## [PROBLEM REQUIREMENTS]
Below are the records; give again exactly the lines from the one containing "chemisier décontracté à" through the one containing "Слайд 11Самый большой", leaving out pictures.

## [LISTED RECORDS]
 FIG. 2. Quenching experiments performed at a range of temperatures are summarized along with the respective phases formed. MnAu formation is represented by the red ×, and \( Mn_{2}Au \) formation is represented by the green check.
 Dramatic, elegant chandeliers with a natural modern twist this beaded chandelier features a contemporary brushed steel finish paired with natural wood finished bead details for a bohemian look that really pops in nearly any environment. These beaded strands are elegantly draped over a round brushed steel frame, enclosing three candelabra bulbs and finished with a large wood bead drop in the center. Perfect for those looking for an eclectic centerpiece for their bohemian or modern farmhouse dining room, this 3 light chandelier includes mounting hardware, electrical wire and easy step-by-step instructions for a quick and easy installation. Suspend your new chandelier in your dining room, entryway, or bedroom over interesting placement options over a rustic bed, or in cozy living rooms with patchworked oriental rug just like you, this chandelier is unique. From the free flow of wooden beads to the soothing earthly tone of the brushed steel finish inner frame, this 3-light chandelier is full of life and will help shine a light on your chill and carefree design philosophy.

--

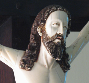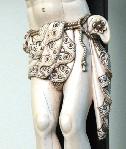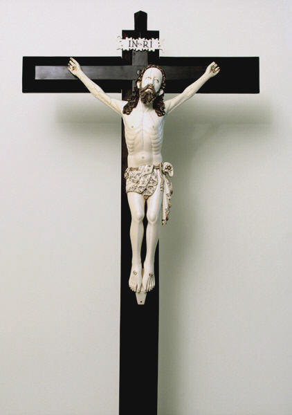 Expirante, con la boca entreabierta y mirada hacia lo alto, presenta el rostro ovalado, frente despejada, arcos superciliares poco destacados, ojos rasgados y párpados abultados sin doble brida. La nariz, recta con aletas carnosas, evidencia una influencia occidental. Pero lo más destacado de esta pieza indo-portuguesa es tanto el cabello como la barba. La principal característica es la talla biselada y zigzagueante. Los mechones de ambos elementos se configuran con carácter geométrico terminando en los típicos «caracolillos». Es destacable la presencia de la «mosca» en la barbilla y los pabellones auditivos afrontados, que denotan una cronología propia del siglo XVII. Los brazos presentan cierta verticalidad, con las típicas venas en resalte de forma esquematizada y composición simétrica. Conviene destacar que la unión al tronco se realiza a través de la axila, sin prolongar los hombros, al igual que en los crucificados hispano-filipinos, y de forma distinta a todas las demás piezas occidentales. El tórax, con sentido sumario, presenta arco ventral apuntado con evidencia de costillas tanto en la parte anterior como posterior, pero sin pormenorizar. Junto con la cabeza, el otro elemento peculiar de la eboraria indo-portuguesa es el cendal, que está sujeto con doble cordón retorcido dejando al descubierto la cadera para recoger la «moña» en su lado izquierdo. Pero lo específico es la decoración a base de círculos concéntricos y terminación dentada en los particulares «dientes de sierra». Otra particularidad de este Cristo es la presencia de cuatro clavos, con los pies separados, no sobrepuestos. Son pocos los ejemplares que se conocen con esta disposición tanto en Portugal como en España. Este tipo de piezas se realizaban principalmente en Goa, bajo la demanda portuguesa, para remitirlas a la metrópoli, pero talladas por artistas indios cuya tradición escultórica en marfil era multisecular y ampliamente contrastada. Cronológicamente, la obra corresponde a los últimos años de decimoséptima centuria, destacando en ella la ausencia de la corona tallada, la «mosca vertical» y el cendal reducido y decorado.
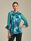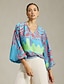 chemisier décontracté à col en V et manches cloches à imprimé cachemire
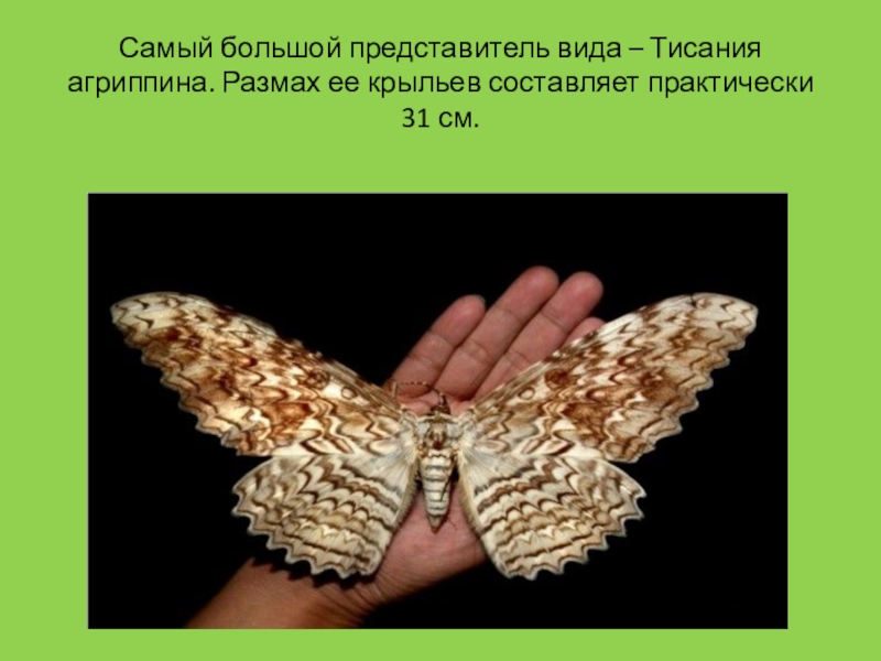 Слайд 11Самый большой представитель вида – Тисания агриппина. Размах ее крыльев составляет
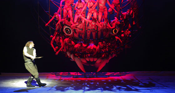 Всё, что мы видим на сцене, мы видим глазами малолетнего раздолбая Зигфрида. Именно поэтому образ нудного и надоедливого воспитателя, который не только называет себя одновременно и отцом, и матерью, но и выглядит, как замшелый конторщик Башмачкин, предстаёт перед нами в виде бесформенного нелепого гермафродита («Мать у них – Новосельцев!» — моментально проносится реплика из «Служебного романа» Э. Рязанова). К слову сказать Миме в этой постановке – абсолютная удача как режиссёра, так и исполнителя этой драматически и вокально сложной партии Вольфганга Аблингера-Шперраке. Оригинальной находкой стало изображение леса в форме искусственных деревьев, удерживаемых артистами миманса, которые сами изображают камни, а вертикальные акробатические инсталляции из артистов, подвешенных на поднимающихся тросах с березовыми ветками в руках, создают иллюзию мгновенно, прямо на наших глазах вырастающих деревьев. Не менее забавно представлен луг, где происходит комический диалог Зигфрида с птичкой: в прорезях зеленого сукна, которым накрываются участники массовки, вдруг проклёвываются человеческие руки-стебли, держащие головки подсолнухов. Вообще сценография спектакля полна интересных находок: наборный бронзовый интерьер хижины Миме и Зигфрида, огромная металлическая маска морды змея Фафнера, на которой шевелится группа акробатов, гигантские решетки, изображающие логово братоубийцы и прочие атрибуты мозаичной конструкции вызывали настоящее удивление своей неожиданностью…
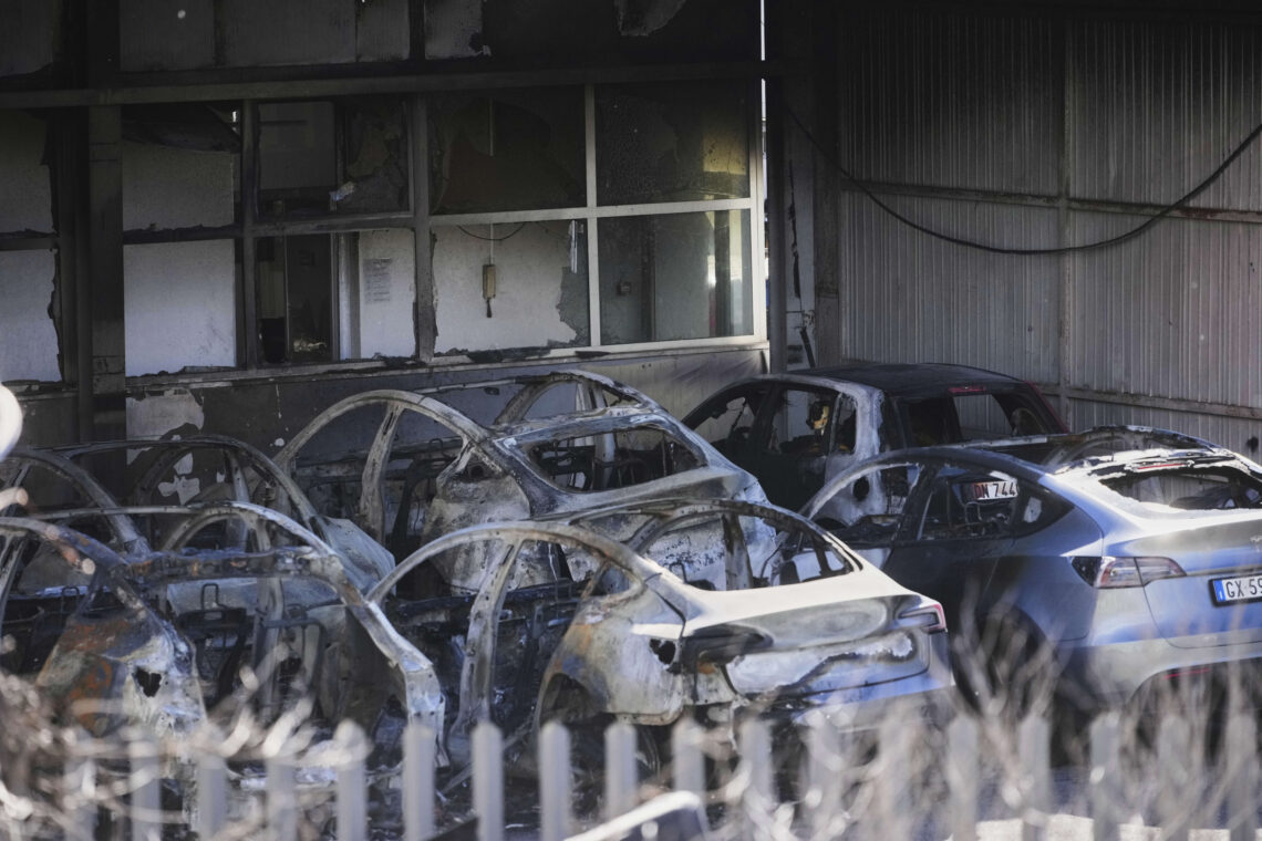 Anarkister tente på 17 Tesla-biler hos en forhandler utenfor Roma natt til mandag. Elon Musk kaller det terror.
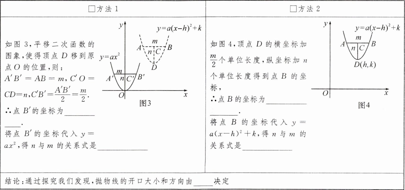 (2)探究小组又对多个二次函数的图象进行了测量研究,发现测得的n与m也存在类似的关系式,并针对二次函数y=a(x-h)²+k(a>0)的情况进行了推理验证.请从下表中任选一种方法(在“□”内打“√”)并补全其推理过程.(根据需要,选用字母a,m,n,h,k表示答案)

==

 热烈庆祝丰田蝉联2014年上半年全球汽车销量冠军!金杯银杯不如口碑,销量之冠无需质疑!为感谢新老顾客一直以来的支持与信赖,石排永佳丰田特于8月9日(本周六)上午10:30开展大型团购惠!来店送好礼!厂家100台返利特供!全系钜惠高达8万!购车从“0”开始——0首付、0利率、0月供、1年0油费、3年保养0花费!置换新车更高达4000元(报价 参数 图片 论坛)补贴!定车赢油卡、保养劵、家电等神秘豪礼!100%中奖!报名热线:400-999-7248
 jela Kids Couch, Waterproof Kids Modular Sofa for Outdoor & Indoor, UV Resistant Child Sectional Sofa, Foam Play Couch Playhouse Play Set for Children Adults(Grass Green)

## [SOLUTION TO THIS TASK]
 chemisier décontracté à col en V et manches cloches à imprimé cachemire
 Слайд 11Самый большой представитель вида – Тисания агриппина. Размах ее крыльев составляет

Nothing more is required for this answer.